Function calling, Structured output, Bilingual (Chinese/English), Thinking mode

minimax-m2.5

MiniMax M2.5

1M tokens

128K tokens

Function calling, Structured output, Thinking mode, Multimodal (text+image)

minimax-m2

MiniMax M2

196K tokens

8K tokens

Function calling, Structured output

qwen3-coder-30b

Qwen3 Coder 30B

32K tokens

8K tokens

Function calling, Structured output

llama-3.3-70b-instruct

Llama 3.3 70B Instruct

131K tokens

8K tokens

Function calling, Structured output

llama-4-scout

Llama 4 Scout

128K tokens

16K tokens

Function calling, Structured output

llama-4-maverick

Llama 4 Maverick

128K tokens

16K tokens

Function calling, Structured output, Multimodal (text+image)

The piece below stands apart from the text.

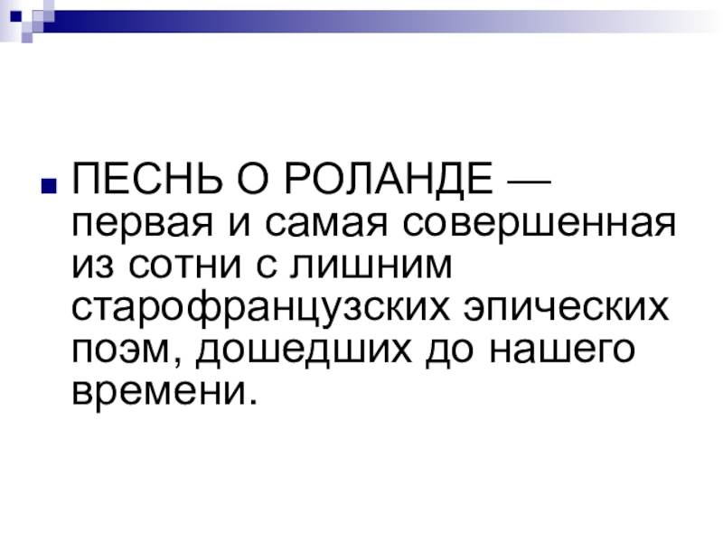 ПЕСНЬ О РОЛАНДЕ — первая и самая совершенная из сотни с лишним старофранцузских эпических поэм, дошедших до
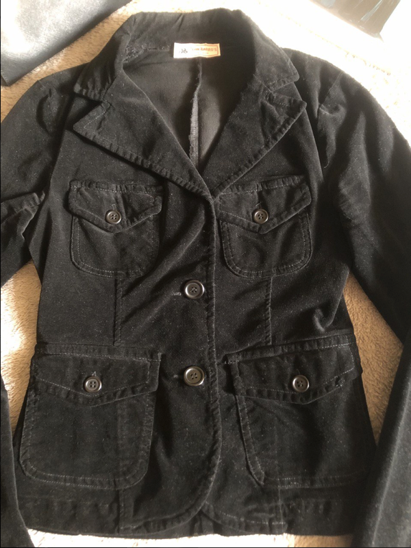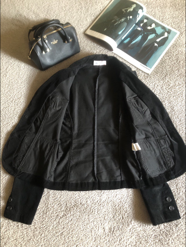 Красивий піджак від французського бренду Jean Barro приталеного силуету із натурального велюру глибокого чорного кольору з додаванням спандексу – трохи тягнеться та чудово сідає на фігуру. Накладні кишені з клапанами та гудзиками – нагрудні та внизу, гудзики на рукавах, без підкладу та без шліци. Дуже якісно пошитий. Підійде підійде на XS-S-М. Довжина 57 см, під пахвами 42-46 см, талія 36-37 см, низ 46-48 см, рукав 62-63 см

Note: Llama models are available with limited capacity. Availability may vary during peak usage.

Embedding Models

Model ID

Name

Dimensions

Context Length

Use Case

bge-m3

BGE-M3

1024

8K tokens

Codebase indexing, semantic search


Model Details

GLM-5

Model ID: glm-5

  • Context length: 200,000 tokens

  • Max output: 128,000 tokens

  • Architecture: 745B MoE (44B active parameters)

  • Quantization: fp8

  • Input modalities: text

  • Output modalities: text

  • Language support: Chinese, English

  • Function calling: Yes

  • Structured output: Yes

  • Thinking mode: Yes

  • Tool streaming: Yes


GLM-4.7

Model ID: glm-4.7

  • Context length: 200,000 tokens

  • Max output: 128,000 tokens

  • Quantization: fp8

  • Input modalities: text

  • Output modalities: text

  • Language support: Chinese, English

  • Function calling: Yes

  • Structured output: Yes

  • Thinking mode: Yes

  • Tool streaming: Yes


GLM-4.7-Flash

Model ID: glm-4.7-flash

  • Context length: 200,000 tokens

  • Max output: 128,000 tokens

  • Quantization: fp8

  • Input modalities: text

  • Output modalities: text

  • Language support: Chinese, English

  • Function calling: Yes

  • Structured output: Yes

  • Thinking mode: Yes

  • Tool streaming: Yes


MiniMax M2.5

Model ID: minimax-m2.5

  • Context length: 1,000,000 tokens

  • Max output: 131,072 tokens

  • Architecture: 230B MoE (10B active parameters)

  • Quantization: bf16

  • Input modalities: text, image

  • Output modalities: text

  • Function calling: Yes

  • Structured output: Yes

  • Thinking mode: Yes


MiniMax M2

Model ID: minimax-m2

  • Context length: 196,608 tokens

  • Max output: 8,192 tokens

  • Quantization: bf16

  • Input modalities: text

  • Output modalities: text

  • Function calling: Yes

  • Structured output: Yes


Qwen3 Coder 30B

Model ID: qwen3-coder-30b

  • Context length: 32,768 tokens

  • Max output: 8,192 tokens

  • Quantization: bf16

  • Input modalities: text

  • Output modalities: text

  • Function calling: Yes

  • Structured output: Yes


Llama 3.3 70B Instruct (Limited Capacity)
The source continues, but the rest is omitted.